# How to clean wax...



## honeyman46408

http://www.beesource.com/forums/search.php?searchid=649182


----------



## beesohappy

I haven't done it yet but I planned on washing the capping wax to get anymore of the honey off of it and then put it into a solar wax melter that I made. You can also boil it in water and scrape off the bad stuff on the bottom. Go throw the old posts and you'll get a really good idea about what to do.

Good Luck.


----------



## odfrank

beesohappy;710610I planned on washing the capping wax to get anymore of the honey off of it and then put it into a solar wax melter Good Luck.[/QUOTE said:


> Leave the honey on the cappings and you will get nice cooked honey which you can cook with, feed back to your bees, make beer with etc.


----------



## beeware10

not sure how many supers you uncapped but you probably wii be surprised how much the volume of cappings are reduced after melt down. (might be a birthday candle)


----------



## Bee Bliss

There are several ways to clean beeswax. I read in the Products of the Hive (candle, etc. forum) on Beesource that some people take the cappings and put them in a clean pantyhose and rinse them in a bucket of water. Then place the wax (still in the panyhose) in a solar melter where it filters thru a sheet of paper towel. The bees and junk are left in the panyhose and the paper towel helps further clean the beeswax.

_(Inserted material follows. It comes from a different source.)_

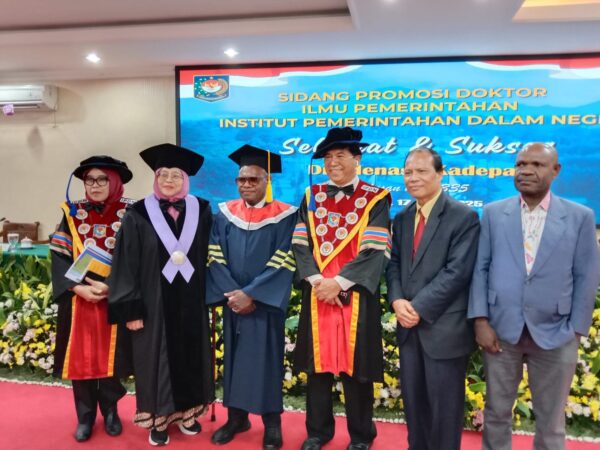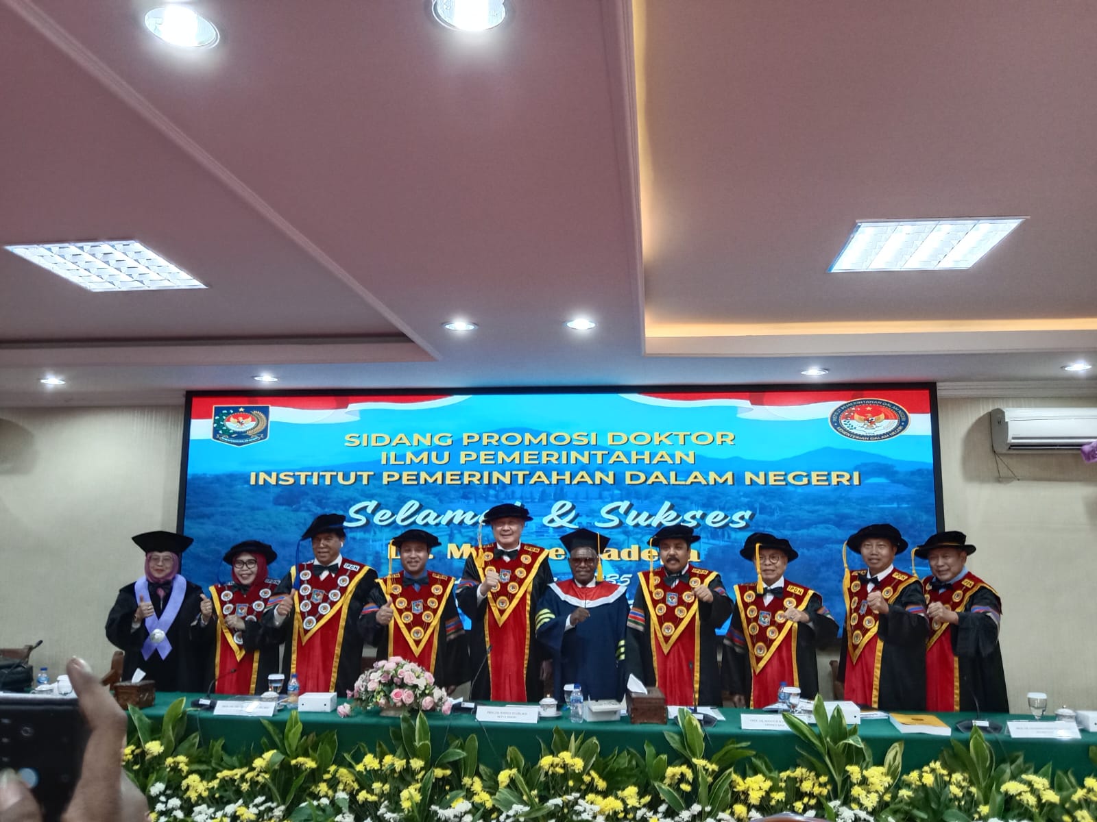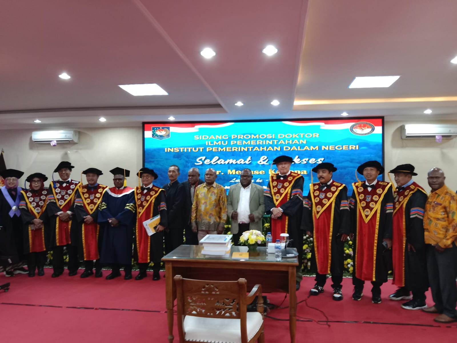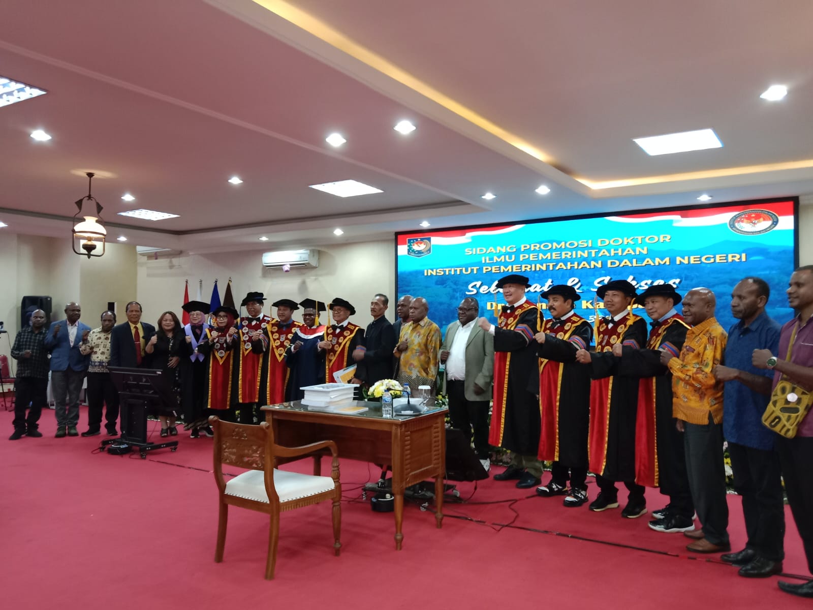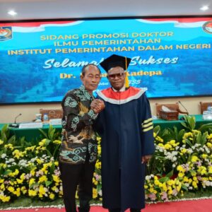 Jakarta, aspirasipublik.com – Selasa, 17 Juni 2025 berlangsung dari pukul 08.30 dan selesai pukul 11.30 di Ruang sidang khusus untuk program pasca sarjana Doktoral IPDN Jakarta di lantai satu gedung pasca sarjana Institut Pemerintahan Dalam Negeri Jakarta, Prof. Dr. H. Wirman Syafri, M.Si. Sekertaris Senat IPDN, Memimpin jalannya sidang Terbuka mewakili atas nama Rektor IPDN Bapak Dr. Halilul Khairi, S.Sos., M.Si., Berikut dari hasil sidang terbuka maka siang ini diputuskan hasil sidang promosi Doktor bahwasanya atas nama Dr. Menase Kadepa,SE., M.Si. Asisten I Bidang Pemerintahan dan Kesejahteraan Rakyat Sekretariat Daerah Provinsi Papua Tengah, Raih Gelar Doktor Ilmu Pemerintahan IPDN KEMENDAGRI ke 335 dengan Predikat Sangat Memuaskan, dengan judul Disertasi

Some people clean their wax by heating it in water in a double boiler or crock pot. 

If your wax is not clean enough, your candle wick will clog and burn poorly. Also use the proper thickness of wick which is much thicker for beeswax candles than it is for paraffin wax. Cleanliness of the wax and diameter of the candle determines wick size (thickness).

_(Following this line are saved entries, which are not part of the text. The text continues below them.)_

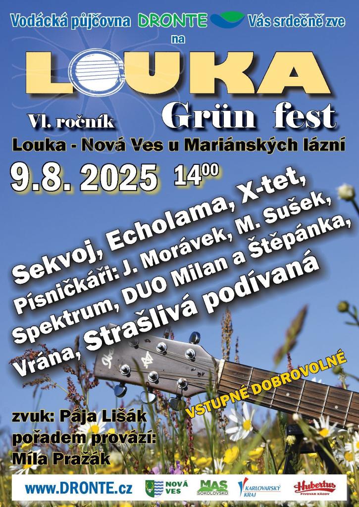Louka Grun Fest je menší, přátelský open‑air festival konaný v osadě Louka u Mariánských Lázní. Tradičně nabídne welcome atmosféru, živou hudbu, občerstvení a nádherné přírodní prostředí.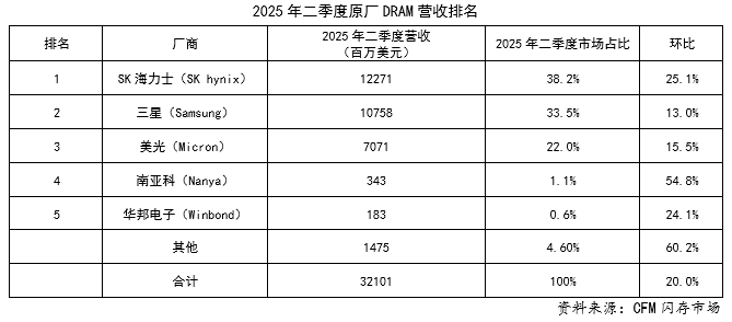 SK海力士二季度DRAM销售收入达122.71亿美元,环比增长25.1%,市场份额为38.2%,连续第二个季度位列DRAM市场第一;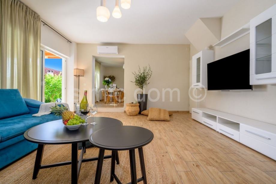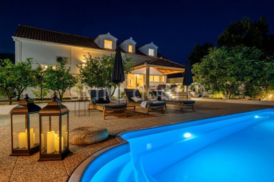 Posredujemo u prodaji šarmantne vile s prostranom okućnicom i bazenom, na odličnoj lokaciji na otoku Braču. Vila se prostire etažama prizemlja i prvog kata. Stambene je površine od 196 m2 te je smještena na parceli od 520 m2. Sastoji se od dnevnog boravka, kuhinje s blagovaonicom te četiri spavaće sobe od kojih svaka ima svoju zasebnu kupaonicu. U sklopu okućnice nalazi se terasa s bazenom, prostorom za sunčanje te pomoćnim objektom koji služi kao ljetna kuhinja i odličan prostor za proslave i druženja, a koja sadrži i kamin. Vila je u potpunosti uređena i namještena, a moguće je parkirati i nekoliko automobila. S obzirom na odličnu lokaciju, kapacitet i sadržaj koji posjeduje, ova vila odličan je izbor investicije. Vlasništvo uredno.
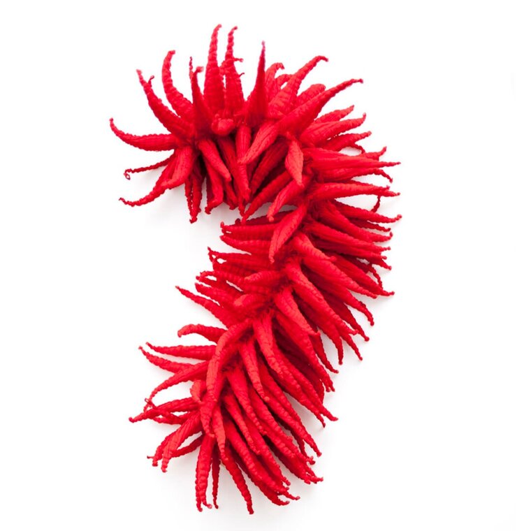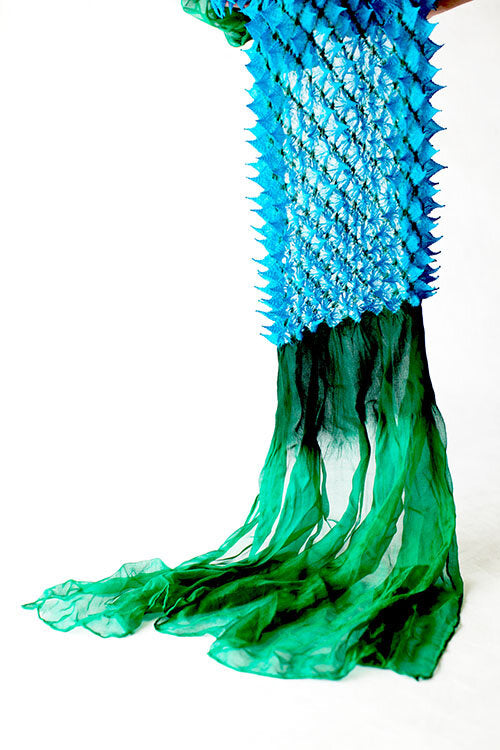 Since the third generation, Kazuo Katayama, took over the business in 1992, he has further accelerated the creation of products that fuse modern fashion and art, while preserving his mission as a bearer of tradition by reprinting the Honza Kanoko Shibori technique, which had been discontinued since the Edo period. For example, he has not stretched out tie-dyeing, which was originally used to enjoy the patterns, but now he shows it as a unique form and dares to use the back side of the fabric as the front side. He creates scarves and fashions by making use of the large, protruding form of the tie when the thread is untied. It is proposed as "Wearable Art" where the wearer can become an artistic being. Surprise and joy coexist there.

Check out the Products of the Hive section.


----------



## dixiebooks

I've been putting my scrapings and globs of old comb, etc and just putting them into a pot with a bit of water. I bring it to a boil and remove from heat. As it cools and solidifies, it forms a cake on top of the water and separates from the pot (I use a 2-quart cast iron pot). I do this on a double-burner electric stove outside. -james


----------



## riverbee1

My method for cleaning wax and solar wax melting:

Throw cappings and scrapings into 5 gallon paint strainer bag in a 5 gallon bucket and slosh and wash till water comes clean. Let it air dry in a big strainer.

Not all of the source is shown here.